* _WORK REQUIRED_:
Exactly the lines from the first line of the listing through the line containing "원/달러 환율은 1350원대에" should appear in the output, unchanged.
BEGIN PROVIDED ENTRIES
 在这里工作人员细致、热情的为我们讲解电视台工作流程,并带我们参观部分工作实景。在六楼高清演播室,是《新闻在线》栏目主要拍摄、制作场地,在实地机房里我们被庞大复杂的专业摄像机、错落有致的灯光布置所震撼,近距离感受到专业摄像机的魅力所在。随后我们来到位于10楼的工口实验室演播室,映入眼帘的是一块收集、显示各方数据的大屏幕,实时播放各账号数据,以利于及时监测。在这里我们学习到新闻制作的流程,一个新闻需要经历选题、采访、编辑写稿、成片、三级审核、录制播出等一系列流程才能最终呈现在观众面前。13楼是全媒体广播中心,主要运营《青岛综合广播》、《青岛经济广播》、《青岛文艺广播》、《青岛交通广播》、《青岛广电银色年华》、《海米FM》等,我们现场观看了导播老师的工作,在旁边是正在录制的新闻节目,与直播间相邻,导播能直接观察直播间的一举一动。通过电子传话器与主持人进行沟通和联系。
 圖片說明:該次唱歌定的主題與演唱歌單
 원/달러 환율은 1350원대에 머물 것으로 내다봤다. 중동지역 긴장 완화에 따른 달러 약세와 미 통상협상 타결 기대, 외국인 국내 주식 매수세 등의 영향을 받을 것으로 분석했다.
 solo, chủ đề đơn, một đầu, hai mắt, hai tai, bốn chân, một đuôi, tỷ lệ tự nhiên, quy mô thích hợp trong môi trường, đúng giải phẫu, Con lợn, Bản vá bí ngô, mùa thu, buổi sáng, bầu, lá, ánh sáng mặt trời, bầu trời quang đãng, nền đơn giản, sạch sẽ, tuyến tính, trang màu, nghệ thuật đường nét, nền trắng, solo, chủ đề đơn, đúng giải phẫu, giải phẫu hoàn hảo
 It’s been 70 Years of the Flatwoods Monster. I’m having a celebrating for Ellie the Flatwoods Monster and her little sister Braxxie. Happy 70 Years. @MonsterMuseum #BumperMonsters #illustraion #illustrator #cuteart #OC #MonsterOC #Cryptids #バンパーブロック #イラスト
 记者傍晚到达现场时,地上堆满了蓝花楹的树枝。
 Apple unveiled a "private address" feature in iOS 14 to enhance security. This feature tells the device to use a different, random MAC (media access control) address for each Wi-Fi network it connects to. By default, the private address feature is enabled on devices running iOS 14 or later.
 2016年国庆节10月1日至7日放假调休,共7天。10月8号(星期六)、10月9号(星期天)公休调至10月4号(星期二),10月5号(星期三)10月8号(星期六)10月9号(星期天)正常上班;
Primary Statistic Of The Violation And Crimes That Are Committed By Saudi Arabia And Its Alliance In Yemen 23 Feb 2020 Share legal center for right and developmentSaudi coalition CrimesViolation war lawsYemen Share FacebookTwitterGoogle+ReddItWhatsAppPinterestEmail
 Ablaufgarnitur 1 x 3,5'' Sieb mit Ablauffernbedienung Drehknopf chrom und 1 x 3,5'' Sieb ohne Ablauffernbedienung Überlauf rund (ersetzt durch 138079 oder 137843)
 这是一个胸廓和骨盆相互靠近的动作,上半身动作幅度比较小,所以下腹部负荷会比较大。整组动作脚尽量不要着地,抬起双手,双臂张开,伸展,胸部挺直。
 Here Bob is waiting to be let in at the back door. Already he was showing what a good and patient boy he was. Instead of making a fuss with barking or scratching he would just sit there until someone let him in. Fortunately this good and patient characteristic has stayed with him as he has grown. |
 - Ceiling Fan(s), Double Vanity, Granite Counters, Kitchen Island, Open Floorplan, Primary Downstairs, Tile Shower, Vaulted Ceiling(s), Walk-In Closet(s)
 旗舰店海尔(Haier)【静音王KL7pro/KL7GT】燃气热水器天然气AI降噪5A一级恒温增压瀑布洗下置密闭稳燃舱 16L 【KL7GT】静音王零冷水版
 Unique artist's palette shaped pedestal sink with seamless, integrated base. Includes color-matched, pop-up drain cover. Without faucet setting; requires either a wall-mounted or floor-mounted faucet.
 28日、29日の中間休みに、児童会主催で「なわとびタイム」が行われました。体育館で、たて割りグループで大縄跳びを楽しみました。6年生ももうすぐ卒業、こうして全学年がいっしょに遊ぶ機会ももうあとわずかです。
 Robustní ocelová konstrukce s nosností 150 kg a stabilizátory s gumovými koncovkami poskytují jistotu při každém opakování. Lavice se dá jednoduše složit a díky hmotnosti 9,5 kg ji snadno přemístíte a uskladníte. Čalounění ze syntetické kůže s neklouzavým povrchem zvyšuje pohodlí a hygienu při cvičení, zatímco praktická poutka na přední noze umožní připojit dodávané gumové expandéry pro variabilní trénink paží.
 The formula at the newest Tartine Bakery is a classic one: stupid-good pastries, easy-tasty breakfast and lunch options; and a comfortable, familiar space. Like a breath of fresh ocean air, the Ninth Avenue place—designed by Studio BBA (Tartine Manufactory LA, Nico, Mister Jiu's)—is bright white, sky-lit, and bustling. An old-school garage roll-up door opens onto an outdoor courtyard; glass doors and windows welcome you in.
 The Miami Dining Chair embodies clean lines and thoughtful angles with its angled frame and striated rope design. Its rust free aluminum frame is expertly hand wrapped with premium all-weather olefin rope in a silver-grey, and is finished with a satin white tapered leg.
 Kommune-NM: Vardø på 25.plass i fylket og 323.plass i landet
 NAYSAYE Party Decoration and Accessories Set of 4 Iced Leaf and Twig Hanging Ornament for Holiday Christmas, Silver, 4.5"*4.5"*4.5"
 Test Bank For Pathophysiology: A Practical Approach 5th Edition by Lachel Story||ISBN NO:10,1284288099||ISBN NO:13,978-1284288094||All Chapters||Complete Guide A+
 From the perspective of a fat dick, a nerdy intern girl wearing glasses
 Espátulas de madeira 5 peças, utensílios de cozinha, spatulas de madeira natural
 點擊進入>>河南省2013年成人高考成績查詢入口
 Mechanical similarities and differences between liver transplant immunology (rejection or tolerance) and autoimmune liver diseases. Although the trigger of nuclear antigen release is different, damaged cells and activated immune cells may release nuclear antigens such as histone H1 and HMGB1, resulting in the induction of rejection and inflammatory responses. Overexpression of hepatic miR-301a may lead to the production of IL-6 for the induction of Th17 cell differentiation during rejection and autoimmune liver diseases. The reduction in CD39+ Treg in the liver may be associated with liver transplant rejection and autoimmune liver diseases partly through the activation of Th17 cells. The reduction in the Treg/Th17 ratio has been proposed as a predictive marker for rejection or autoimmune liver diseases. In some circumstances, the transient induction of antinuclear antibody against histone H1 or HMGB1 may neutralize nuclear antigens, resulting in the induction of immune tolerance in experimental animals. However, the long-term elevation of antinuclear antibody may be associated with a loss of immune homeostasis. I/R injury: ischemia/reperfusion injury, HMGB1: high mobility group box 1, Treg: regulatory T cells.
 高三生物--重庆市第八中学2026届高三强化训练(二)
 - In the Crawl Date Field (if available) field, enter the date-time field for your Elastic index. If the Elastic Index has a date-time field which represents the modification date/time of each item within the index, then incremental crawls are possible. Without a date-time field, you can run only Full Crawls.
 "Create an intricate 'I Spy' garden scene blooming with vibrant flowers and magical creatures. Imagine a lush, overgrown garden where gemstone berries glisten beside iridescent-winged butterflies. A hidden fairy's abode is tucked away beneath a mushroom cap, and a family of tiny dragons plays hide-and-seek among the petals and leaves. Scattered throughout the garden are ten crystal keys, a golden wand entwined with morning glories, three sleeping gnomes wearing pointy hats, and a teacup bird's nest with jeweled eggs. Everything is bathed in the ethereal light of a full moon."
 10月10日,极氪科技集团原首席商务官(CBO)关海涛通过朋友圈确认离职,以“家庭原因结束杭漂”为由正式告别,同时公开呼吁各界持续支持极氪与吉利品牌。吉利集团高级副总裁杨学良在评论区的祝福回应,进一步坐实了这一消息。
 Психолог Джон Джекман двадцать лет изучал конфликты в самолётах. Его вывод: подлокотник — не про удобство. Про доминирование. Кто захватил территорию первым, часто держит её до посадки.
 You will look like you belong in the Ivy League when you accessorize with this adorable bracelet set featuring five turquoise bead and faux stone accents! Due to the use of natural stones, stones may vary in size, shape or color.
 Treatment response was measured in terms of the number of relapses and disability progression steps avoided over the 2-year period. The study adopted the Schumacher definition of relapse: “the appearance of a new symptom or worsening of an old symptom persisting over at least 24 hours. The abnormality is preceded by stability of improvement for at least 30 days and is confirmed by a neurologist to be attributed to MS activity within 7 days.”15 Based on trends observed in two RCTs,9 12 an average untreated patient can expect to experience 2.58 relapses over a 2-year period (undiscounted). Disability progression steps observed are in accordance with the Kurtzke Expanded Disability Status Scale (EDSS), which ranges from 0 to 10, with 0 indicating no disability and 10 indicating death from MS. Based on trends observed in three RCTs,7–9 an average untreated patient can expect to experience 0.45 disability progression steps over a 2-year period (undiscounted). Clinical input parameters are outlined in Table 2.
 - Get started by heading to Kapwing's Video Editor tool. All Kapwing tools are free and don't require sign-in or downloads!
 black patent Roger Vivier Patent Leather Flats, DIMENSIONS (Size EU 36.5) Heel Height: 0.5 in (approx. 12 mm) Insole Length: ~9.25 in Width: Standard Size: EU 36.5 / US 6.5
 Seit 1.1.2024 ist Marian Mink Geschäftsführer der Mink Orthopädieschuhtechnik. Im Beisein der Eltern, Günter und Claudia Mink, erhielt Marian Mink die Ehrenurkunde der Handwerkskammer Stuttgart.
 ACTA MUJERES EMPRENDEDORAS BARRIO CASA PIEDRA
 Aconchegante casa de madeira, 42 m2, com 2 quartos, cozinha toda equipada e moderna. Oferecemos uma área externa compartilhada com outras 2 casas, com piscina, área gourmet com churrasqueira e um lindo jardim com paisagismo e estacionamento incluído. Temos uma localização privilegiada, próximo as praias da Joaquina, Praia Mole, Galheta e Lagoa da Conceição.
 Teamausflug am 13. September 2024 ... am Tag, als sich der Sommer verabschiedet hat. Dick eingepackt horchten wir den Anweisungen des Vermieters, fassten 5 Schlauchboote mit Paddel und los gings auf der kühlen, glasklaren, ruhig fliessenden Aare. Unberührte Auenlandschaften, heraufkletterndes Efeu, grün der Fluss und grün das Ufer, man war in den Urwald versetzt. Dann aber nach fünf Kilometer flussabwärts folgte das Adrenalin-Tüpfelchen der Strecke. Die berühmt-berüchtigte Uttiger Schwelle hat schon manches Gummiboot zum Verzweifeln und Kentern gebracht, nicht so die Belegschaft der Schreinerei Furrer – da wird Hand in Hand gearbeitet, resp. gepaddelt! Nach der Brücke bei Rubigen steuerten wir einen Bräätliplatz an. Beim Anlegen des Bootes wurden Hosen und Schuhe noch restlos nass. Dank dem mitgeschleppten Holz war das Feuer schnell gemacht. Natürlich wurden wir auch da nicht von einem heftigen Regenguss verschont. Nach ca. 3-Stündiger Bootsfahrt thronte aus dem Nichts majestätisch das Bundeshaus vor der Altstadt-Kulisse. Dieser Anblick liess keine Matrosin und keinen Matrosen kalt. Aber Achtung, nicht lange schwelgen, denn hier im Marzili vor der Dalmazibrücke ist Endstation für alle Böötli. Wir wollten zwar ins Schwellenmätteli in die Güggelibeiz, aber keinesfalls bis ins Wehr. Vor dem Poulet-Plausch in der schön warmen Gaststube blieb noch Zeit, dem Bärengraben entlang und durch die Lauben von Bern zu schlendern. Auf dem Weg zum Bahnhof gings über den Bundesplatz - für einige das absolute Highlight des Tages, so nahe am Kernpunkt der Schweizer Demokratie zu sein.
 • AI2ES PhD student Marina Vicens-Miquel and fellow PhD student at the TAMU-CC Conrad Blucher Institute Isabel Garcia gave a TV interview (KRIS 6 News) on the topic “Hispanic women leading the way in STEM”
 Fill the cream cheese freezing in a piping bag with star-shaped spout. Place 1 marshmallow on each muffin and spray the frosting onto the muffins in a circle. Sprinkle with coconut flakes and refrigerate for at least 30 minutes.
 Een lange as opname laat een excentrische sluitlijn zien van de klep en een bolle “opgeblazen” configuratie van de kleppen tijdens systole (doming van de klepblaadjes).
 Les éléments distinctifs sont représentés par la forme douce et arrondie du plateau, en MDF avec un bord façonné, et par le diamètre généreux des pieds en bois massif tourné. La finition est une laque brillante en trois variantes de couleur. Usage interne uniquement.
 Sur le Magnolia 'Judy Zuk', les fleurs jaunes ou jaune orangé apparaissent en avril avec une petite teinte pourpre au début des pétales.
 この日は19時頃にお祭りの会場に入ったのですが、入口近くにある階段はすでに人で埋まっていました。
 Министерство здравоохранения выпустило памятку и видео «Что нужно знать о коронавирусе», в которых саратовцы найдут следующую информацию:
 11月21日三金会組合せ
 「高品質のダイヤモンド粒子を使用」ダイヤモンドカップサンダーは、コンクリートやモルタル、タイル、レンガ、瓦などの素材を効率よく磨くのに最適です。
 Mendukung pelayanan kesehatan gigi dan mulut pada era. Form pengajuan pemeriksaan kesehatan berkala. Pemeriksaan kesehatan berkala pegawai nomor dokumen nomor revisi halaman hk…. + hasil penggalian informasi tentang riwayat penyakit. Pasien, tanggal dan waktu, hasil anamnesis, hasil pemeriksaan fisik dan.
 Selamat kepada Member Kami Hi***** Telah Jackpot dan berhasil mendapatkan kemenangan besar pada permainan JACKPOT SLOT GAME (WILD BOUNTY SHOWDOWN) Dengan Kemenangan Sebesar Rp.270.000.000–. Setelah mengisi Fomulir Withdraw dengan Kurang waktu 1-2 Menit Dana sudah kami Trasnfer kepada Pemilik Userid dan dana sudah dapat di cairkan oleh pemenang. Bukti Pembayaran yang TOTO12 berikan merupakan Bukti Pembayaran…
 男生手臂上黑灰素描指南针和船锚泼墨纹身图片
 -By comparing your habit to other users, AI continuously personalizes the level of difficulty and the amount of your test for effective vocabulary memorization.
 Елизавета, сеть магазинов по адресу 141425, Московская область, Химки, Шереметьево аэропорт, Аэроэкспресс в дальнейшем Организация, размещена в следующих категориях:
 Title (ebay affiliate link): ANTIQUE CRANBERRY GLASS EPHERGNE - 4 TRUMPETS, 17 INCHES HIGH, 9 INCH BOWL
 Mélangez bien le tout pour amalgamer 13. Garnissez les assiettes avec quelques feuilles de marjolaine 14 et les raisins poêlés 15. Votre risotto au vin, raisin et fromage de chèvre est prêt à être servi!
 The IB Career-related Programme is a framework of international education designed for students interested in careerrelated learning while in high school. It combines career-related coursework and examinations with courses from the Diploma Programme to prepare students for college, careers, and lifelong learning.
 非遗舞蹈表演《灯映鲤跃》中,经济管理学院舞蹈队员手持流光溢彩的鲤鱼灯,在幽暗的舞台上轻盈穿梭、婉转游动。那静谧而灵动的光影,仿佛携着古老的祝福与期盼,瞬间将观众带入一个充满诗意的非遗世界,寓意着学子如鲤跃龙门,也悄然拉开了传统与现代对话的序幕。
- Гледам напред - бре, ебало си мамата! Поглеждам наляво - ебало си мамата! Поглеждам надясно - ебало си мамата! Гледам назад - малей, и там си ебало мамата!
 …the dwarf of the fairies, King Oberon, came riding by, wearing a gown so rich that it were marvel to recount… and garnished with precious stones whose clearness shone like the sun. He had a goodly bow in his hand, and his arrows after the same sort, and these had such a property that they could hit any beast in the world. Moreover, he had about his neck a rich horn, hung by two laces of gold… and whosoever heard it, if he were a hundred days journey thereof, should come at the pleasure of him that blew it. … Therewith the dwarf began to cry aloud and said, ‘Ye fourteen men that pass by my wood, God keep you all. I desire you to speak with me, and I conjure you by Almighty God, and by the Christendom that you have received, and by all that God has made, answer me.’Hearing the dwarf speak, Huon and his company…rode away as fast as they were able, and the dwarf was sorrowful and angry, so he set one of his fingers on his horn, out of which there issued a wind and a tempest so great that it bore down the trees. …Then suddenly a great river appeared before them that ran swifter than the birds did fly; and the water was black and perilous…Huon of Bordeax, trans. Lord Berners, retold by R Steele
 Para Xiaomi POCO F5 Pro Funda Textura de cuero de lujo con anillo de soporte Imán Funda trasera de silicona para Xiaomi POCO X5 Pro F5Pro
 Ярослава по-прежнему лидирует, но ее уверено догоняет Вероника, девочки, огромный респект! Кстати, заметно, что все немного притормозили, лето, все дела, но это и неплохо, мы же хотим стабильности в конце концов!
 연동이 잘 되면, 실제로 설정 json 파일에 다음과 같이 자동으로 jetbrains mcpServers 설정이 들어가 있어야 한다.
END PROVIDED ENTRIES
* _OUTPUT_:
 在这里工作人员细致、热情的为我们讲解电视台工作流程,并带我们参观部分工作实景。在六楼高清演播室,是《新闻在线》栏目主要拍摄、制作场地,在实地机房里我们被庞大复杂的专业摄像机、错落有致的灯光布置所震撼,近距离感受到专业摄像机的魅力所在。随后我们来到位于10楼的工口实验室演播室,映入眼帘的是一块收集、显示各方数据的大屏幕,实时播放各账号数据,以利于及时监测。在这里我们学习到新闻制作的流程,一个新闻需要经历选题、采访、编辑写稿、成片、三级审核、录制播出等一系列流程才能最终呈现在观众面前。13楼是全媒体广播中心,主要运营《青岛综合广播》、《青岛经济广播》、《青岛文艺广播》、《青岛交通广播》、《青岛广电银色年华》、《海米FM》等,我们现场观看了导播老师的工作,在旁边是正在录制的新闻节目,与直播间相邻,导播能直接观察直播间的一举一动。通过电子传话器与主持人进行沟通和联系。
 圖片說明:該次唱歌定的主題與演唱歌單
 원/달러 환율은 1350원대에 머물 것으로 내다봤다. 중동지역 긴장 완화에 따른 달러 약세와 미 통상협상 타결 기대, 외국인 국내 주식 매수세 등의 영향을 받을 것으로 분석했다.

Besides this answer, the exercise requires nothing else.